** GOAL OF THE EXERCISE **
Your copy runs from the line containing "Sensual babe Dillion" through the last line of the listing, both included. Restate those lines word for word and leave out pictures.

** SOURCE MATERIAL **
BEGIN
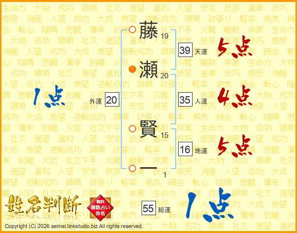 藤(19画)瀬(20画) 賢(15画)一(1画)
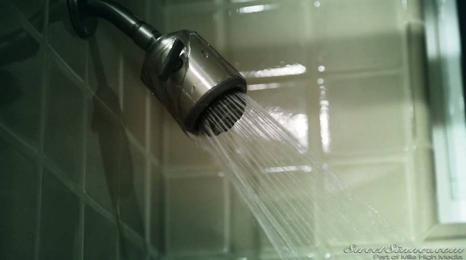 Sensual babe Dillion Harper is taking a shower before passionate sex with her BF
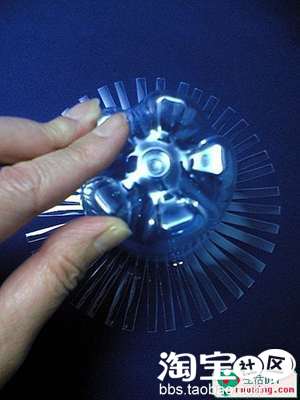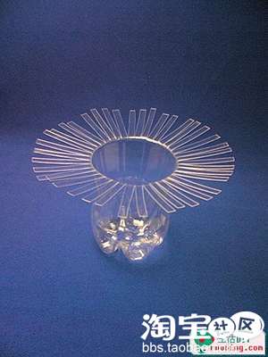 Step.8先把瓶身向下扣,使剪出的穗子展开
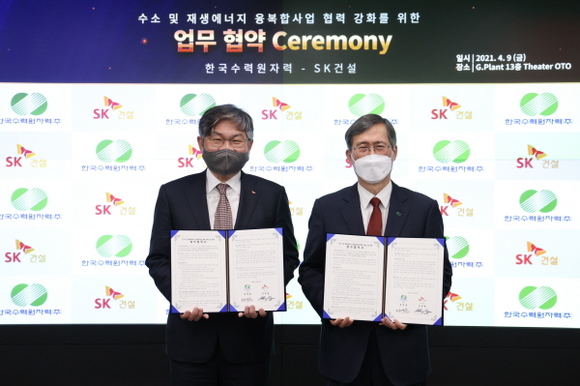 한국수력원자력(이하 한수원)이 지난 9일 서울 SK건설 본사에서 SK건설과 수소산업 활성화를 위한 ‘수소 및 재생에너지 융복합사업 협력 강화 업무협약(MOU)'을 체결했다.
END
** RESPONSE TO THE EXERCISE **
 Sensual babe Dillion Harper is taking a shower before passionate sex with her BF
 Step.8先把瓶身向下扣,使剪出的穗子展开
 한국수력원자력(이하 한수원)이 지난 9일 서울 SK건설 본사에서 SK건설과 수소산업 활성화를 위한 ‘수소 및 재생에너지 융복합사업 협력 강화 업무협약(MOU)'을 체결했다.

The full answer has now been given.